* _What this task involves_
Pictures in the listing below are skipped, while the lines from the "Una escena de" line through the "Nosso grande e magnífico auditório" line are returned word for word.

* _Provided records_
####
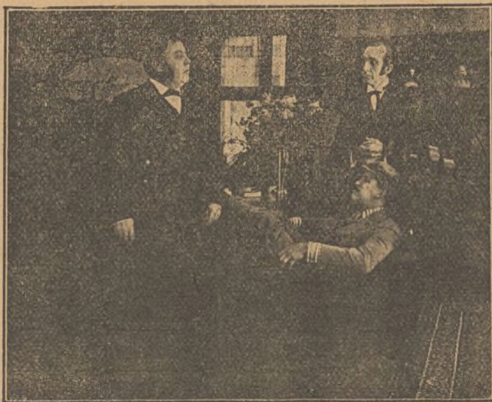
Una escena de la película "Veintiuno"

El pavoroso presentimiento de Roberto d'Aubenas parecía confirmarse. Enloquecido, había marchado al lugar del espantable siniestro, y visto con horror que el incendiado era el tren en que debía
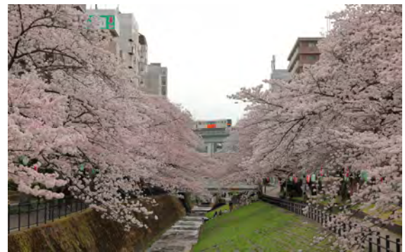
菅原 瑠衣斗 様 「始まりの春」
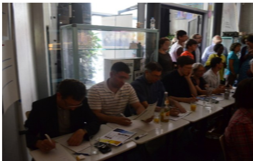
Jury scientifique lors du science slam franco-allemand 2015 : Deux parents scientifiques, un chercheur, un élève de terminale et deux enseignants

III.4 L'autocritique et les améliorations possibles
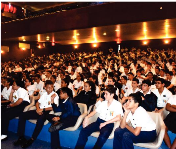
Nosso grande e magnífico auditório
####
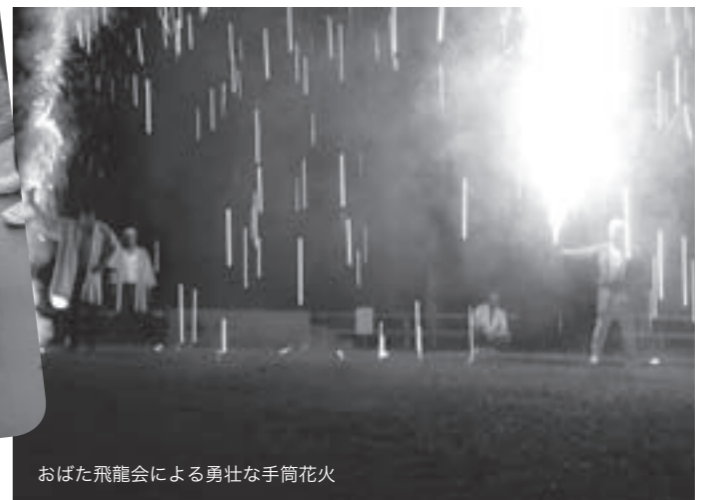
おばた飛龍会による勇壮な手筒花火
####
* _Expected answer_
Una escena de la película "Veintiuno"

El pavoroso presentimiento de Roberto d'Aubenas parecía confirmarse. Enloquecido, había marchado al lugar del espantable siniestro, y visto con horror que el incendiado era el tren en que debía
菅原 瑠衣斗 様 「始まりの春」
Jury scientifique lors du science slam franco-allemand 2015 : Deux parents scientifiques, un chercheur, un élève de terminale et deux enseignants

III.4 L'autocritique et les améliorations possibles
Nosso grande e magnífico auditório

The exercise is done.